I had heard Sven describe the various pointers enough times that as he was taking down the longer line, I was running through the introduction to a girl who wanted to try. With her hand on my shoulder, I got her up and going across the line. Yay! One interesting fact was her intuition to try and hold my hand as opposed to my shoulder. I kept saying shoulder, shoulder, until I just decided to move her hand and place it there. From there, her intuition was just to more or less have me hold it there, until two or three steps in, she finally adjusted to a more stable grip. Of course, I have no idea regarding recommended teaching techniques, I simply find it interesting. In contrast, I held Sven's shoulder with a stable grip, but he didn't hold my hand down for stability. In fact, at times it felt like he was trying to veer away, almost like raising the training wheels on a bicycle or removing the supporting hand slightly from the seat to give the learner what it feels like to maintain stability on his/her own.

Step 1:
Bring the line down, dominant foot on the line. Let's say right foot. The right foot should be close to the right butt. Tucked as close as possible. Left foot is still on the ground. Bringing the left thigh to the line.

Step 2:
Get up in a dynamic motion. Like a dyno in rock climbing. Of course, when beginning, it's useful to hold onto someone's shoulder with your left hand.

Step 3:
Balance on that dominant foot. Arms are straight out to your sides and the left leg is off to the side as well. The right foot will probably begin to waver. Pick a point straight ahead and focus on it. Focus on not wavering until the wavering stops. The main reason for it is that your muscles are too weak to handle this sideways motion. It's just not something they've done. Anyways, when you've stabilize, take a step forward and repeat with the other foot.
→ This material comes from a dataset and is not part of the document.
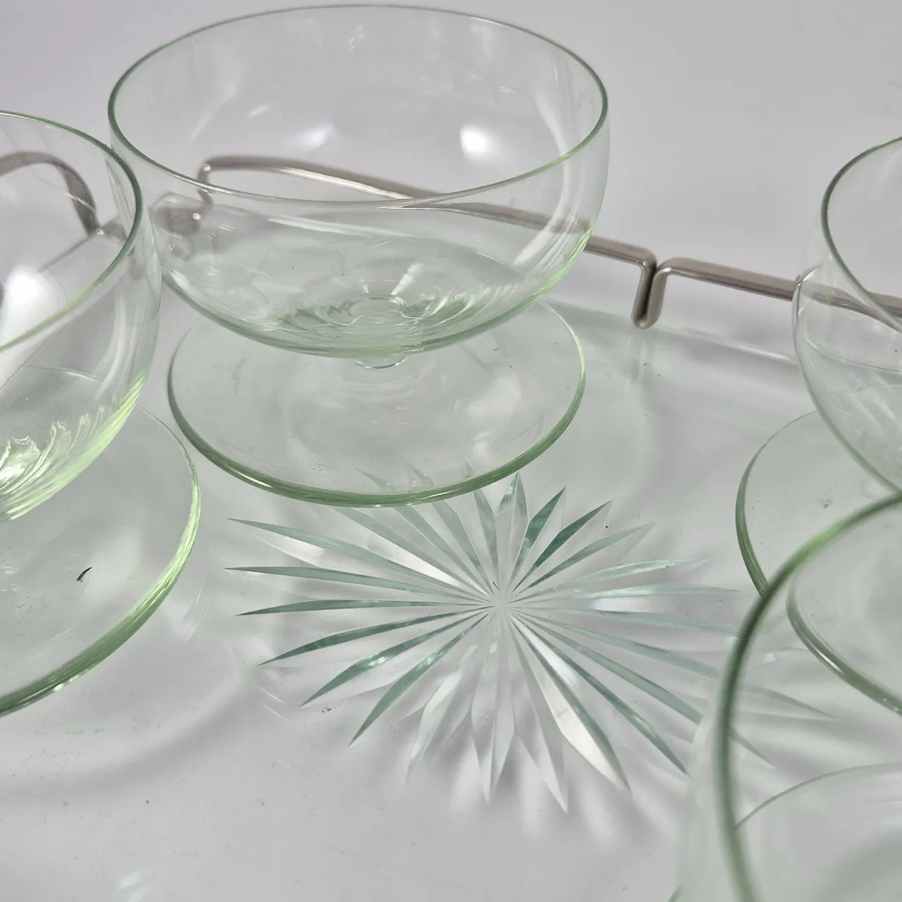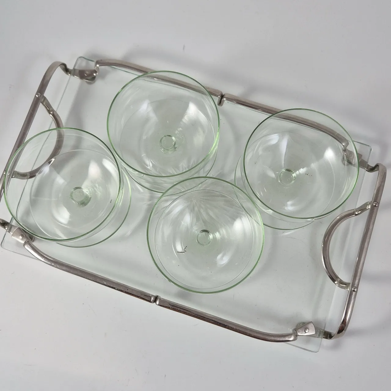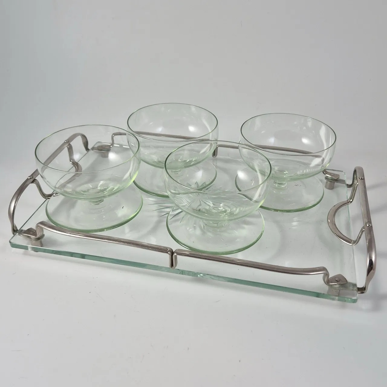 4st dessertskålar i svagt grönt glas , 1st ostbricka 32x20.5cm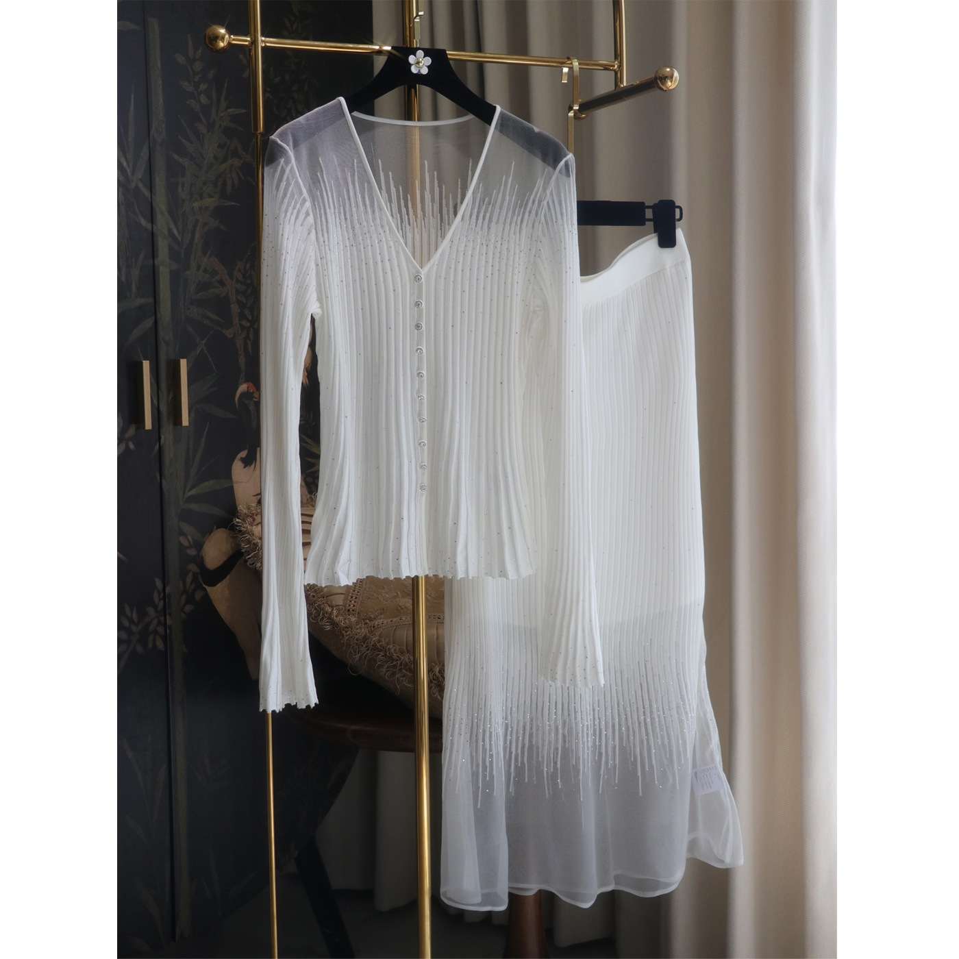CHAO 플래시 다이아몬드 풍부한 유명인 천 골드 스타일 로맨틱 슬림 슬림 룩 세미 투명 화이트 니트 원피스

Sven says if one were to try everyday for a week, he/she would probably accomplish the walk. I was originally gonna travel during spring break, but maybe I'll spend part of it learning to slackline.

Yay! More slacklining! I'm considering this my second day trying to slackline. Today I come out wearing my Vibrams and Sven just sets up a 1" line somewhere on the Freshmen Quad. We go there, because the campus gardeners have placed fresh mulch around the trees on the Upper Quad and so it would smell if he set up on the trees there.

So today, Sven helps out by sitting somewhere along the center of the line. When he was gone to get food, I just focused on pushing down on the line and trying to stabilize. I tried standing up on the line a couple times, but mostly I tried this stability exercise. I did this for both the left and the right. It was especially important to do it for the left foot on the line, which was more unstable than placing the right foot on the line. With Sven sitting on the line, I initially tried to stand and balance with little success. After perhaps five tries, he observed that I was always falling off to the left (when starting on my right foot on the line), and explained the reason for this was that I was off-balanced from the start. After he told me this, I overly tried to counter by going to the right. It helped, as eventually, I would go up and enter a more balanced state.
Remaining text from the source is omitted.